MPI over 40Gb Ethernet

May 10, 2014 - 4 Comments

Half-round-trip ping-pong latency may be the first metric that everyone looks at with MPI in HPC, but bandwidth is one of the next metrics examined.

40Gbps Ethernet has been available for switch-to-switch links for quite a while, and 40Gbps NICs are starting to make their way down to the host.

How does MPI perform with a 40Gbps NIC?

The graph below shows the latency and bandwidth results of a NetPIPE 3.7.1 run with Open MPI 1.8.1 over a pair of Cisco UCS C240 M3 servers (with Intel Xeon E5-2690 (v1) “Sandy Bridge” chips at 2.9Ghz), each with a 2x40Gbps Cisco 1285 VIC using the Cisco low-latency usNIC driver stack, connected back-to-back.

Click to see full size

Click to see a scalable PDF version

You can see that the HRT PP latency starts at 1.93us, and the bandwidth reaches 37.23Gbps.


In an effort to keep conversations fresh, Cisco Blogs closes comments after 60 days. Please visit the Cisco Blogs hub page for the latest content.

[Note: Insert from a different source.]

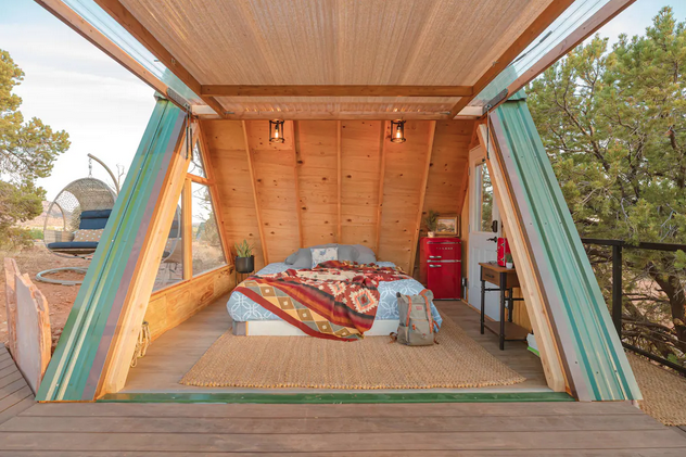 Majitelé této jedinečné stavby se rozhodli, že hlavní roli zde bude hrát výhled, a to přímo z postele. Umístili proto subtilní dřevostavbu do srázu a doplnili ji o systém teras a schodišť, aby vytvořili dostatečný obytný prostor. Výhled, o kterém mluvíme, je vskutku dechberoucí. Od rána do noci si návštěvníci mohou užívat úchvatné panorama pohoří Sion v americkém státě Utah. Jedná se o stát na západě Spojených států amerických, v horské oblasti. Místo s velmi nízkým počtem srážek, usnadnilo majitelům technické záležitosti a návrh i stavba této chatky byla o to jednodušší.

  1. How’s the MPI-3 RMA perf?

    • To be honest, I haven’t benchmarked it.

      Who uses that RMA stuff, anyway? 😉

  2. What’s the MTU ? (to compute the actual max data rate)

    • For this graph, the MTU on both interfaces was 9000.

      I should also mention that the underlying transport that the usNIC stack uses is UDP (via operating system bypass — not via the Linux UDP stack).